Toutes les avancées contenues dans ce projet de loi s'appliqueront - si vous le votez - en outre-mer, tant en matière de souveraineté que de formation, d'orientation, d'installation et de transmission, ou encore de simplification. Je connais les spécificités des territoires ultramarins, notamment les enjeux liés à l'autonomie alimentaire. Je serai naturellement à votre écoute dans le cas où il faudrait adapter certaines dispositions.

Vie Privée et Équilibre Personnel

Marc Fesneau est marié et père de trois enfants. Il vit à Marchenoir, en région Centre-Val de Loire, dans le Loir-et-Cher, depuis plus de 25 ans. Il concilie sa vie personnelle et ses responsabilités politiques grâce à un équilibre familial solide.

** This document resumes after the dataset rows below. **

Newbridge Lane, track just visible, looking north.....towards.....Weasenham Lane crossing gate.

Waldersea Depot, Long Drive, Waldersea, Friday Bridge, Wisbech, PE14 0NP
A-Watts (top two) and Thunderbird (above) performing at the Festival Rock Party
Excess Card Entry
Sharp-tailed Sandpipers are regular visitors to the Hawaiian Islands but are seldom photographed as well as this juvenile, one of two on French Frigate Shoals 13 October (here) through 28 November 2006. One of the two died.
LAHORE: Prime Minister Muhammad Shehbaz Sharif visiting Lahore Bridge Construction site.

Une vie personnelle qu’il concilie grâce à un équilibre familial solide mais qui a nécessairement changé : « En tant que député, quand je rentrais en Loir-et-Cher, je retrouvais une forme d’anonymat, maintenant il faut impérativement prévenir la préfecture ! » D’autant que la sécurité s’est accrue depuis les événements terroristes… sans compter les Gilets jaunes. S’il avoue que sa famille s’adapte « car tous gardent leurs attaches ici », ce sont plutôt les autres qui évoluent : « On m’a même félicité d’avoir laissé mes enfants dans leur école ! J’ai sûrement changé dans le regard des gens alors que je crois être toujours le même ! »

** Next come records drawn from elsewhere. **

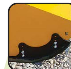
▶ Front skid shoes
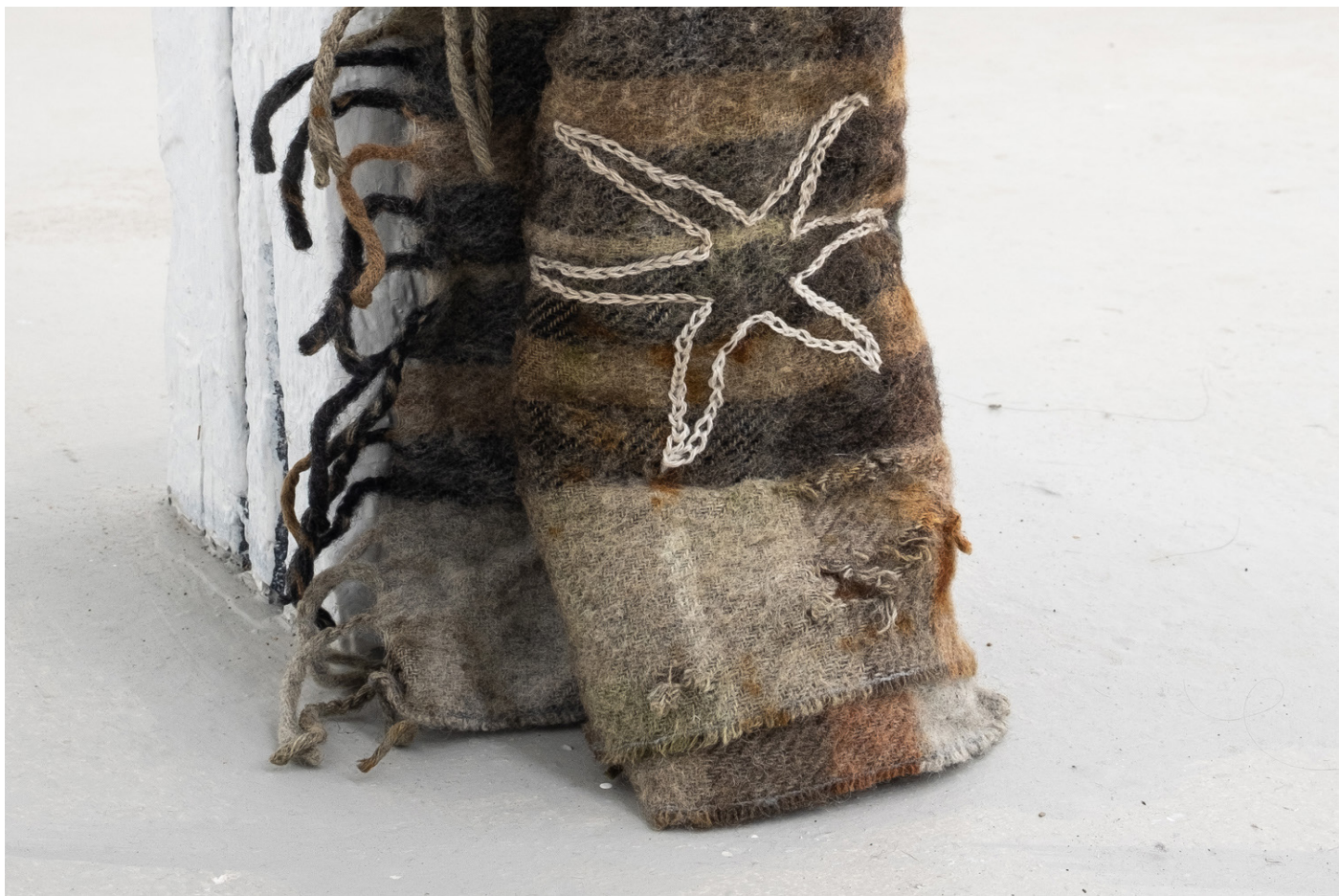
untitled (scarf) (detail), 2021
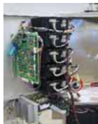
Type II Electronics Assembly detail.
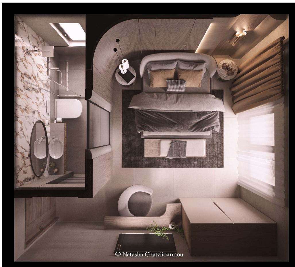
Perspective bedroom 2 floor plan © Natasha Chatzioannou
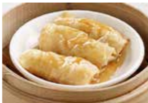
蚝皇鲜竹卷 (3条) Steamed Beancurd Skin Roll with Oyster Sauce (3pcs) $6.90
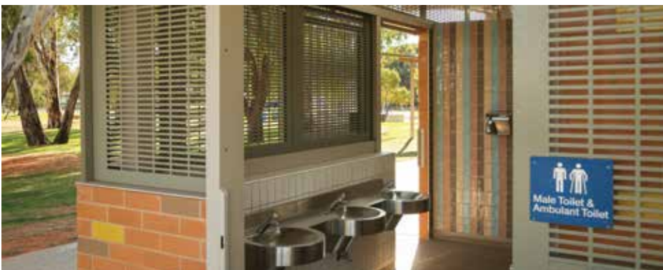
The toilet facilities at The Nowingi Place on the riverfront are a great example of CPTED designed public buildings.

Advances in tree management methods and knowledge have improved how we can care and maintain sugar gums. Council will now work towards providing a safe environment for motorists and pedestrians alike, and also ensure that our children's children will be able to enjoy Deakin Avenue and it will remain an iconic vista for all those who live or visit our region.

Personnalité et Style Politique

Marc Fesneau est décrit comme un homme discret, loyal et apprécié. « Il a de la finesse politique et sait aplanir les conflits », salue le député Jean-Louis Bourlanges, quand son collègue Erwan Balanant estime « difficile de lui trouver des défauts ». Un élu d’opposition juge ce bon vivant « assez sympathique » mais allant « un peu au gré du vent ». « Pas un capitaine Fracasse », admet-on dans les rangs de la majorité. « Il ne cherche pas les effets de manche », le défend la ministre MoDem Jacqueline Gourault, qui le considère comme un fils.